The eloquent prose of Dorothy Gurney sums up her history in a beautiful fashion. It seems most fitting to finish therefore with some of her own summary:
This short account of St James’ Church would be quite worthless if it left the reader with an idea that the church is only a beautifully decorated building for the maintenance of a dignified and splendid ritual.
It is more, far more, than that. It is a spiritual force, and its priest and people have to thank God for wonders of conversion and healing scarcely short of miraculous.
Over and over again have passing strangers said of the church: “There is something here, an influence, we don’t know what, but we feel it.”
One of these, a sailor, remarked to the vicar: “It there were more churches like this, sir, we should not forget God.” And another said that, though he was an unbeliever, he came every day while he was in Plymouth and sat in the church because he found peace, and a “Something” there which puzzled him.
The abiding presence of Our Lord in His Sacrament is the explanation of the wonderful hold St James’ Church has over the unbelieving passer-by, but is also due in part to the real devotion to our Blessed Lord in the Sacrament felt by the vast majority of the congregation.
Newcomers say that they feel at home in our church, and that “people seem nice to each other in St James.”
This is a fact for the deepest thanksgiving, and it is not set down here in any spirit of boasting or rivalry, but merely to incite the worshippers in St James’ Church to still higher devotion, and loving kindness, to a very great humility in the presence of the Sinless One, and to a more fervent desire to bring others to our own joy in the Faith once delivered to the Saints.
It might be of interest to ecclesiastical historians (especially those, like me, who love researching early Anglo-Catholic churches!) to know the names of the clergy of St James the Less:
Rev. George Stephen HOOKEY, priest, 1847-1858
Rev. James BLISS, priest, 1858-1872
Rev. Harvey MARRIOTT, curate, 1861-1864
Rev. S. W. E. BIRD, curate, 1867
Rev. Thomas Curling LEWIS, curate, 1871-1873
Rev. Horace Stone WILLCOCKS, priest, 1872-1875
Rev. Ibbott Alfred MASON, curate, 1873
Rev. Frederick GURNEY, priest, 1875-1884
Rev. SCOTT, curate, 1875
Rev. Newton William John MANT, curate, 1875
Rev. Geoffrey Barrington SIMEON, curate, 1879
Rev. Charlton OLIVE, curate, 1879
Rev. Charles BENSON, curate, 1879-1885
Rev. T. C. A. BARRETT, curate, 1883
Rev. William Humphrey CHILD, priest, 1884-1898
Rev. Charles Edward GANDY*, curate, 1885-1886
Rev. Henry Charles LANG, curate, 1887-1889
Rev. Charles Roydon Worsley HUGHES, curate, 1888
Rev. Arthur Gordon STALLARD, curate, 1890
Rev. Francis Wilfrid OSBORN, priest, 1898-1903
Rev. John Henry ROBINSON, curate, 1901
Rev. Reginald Hanbury MIERS, priest, 1903-1918
Rev. Frank Powell WILLIAMSON, curate, 1903-1907
Rev. Maurice CHILD, curate, 1912-1917
Rev. Thomas Clement WOOLLCOMBE, priest, 1918-1931
Rev. Edward Courtis BARNICOAT, curate, 1918-1928
Rev. John Leonard NOSWORTHY, priest, 1932-1940
Rev. Charles L. WRIGHT, priest, 6 March 1941 [two weeks before destruction of Church]
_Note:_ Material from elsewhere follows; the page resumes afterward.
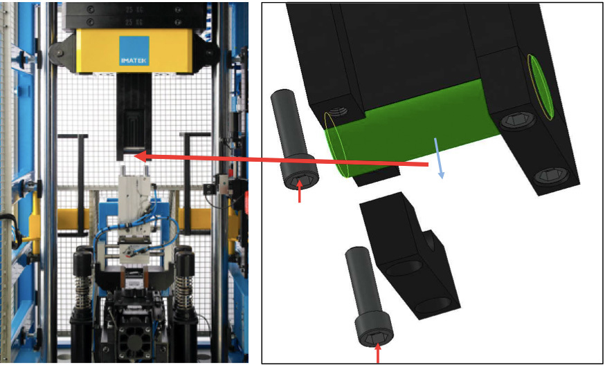 サンプルを搭載するアンビルのピン(2式)も交換式。こちらも交換目安は約1,000回と寿命が長く、交換時間は同じくは15分。ストレスなく長時間の試験が可能です。

*Converted to Rome, 1888; Ordained Priest at Plymouth Cathedral in 1891 and was Bishop’s Secretary; later became Monsignor Canon Gandy of Sacred Heart, Exeter and at St Mary, Axminster (1916)
I, for one, cannot help but feel and lament the loss of this beautiful church – for although it is long gone from memory in those who actually worshipped there – it lives on in part, with the “new” St James the Less, built at Ham, Plymouth in the post-war years.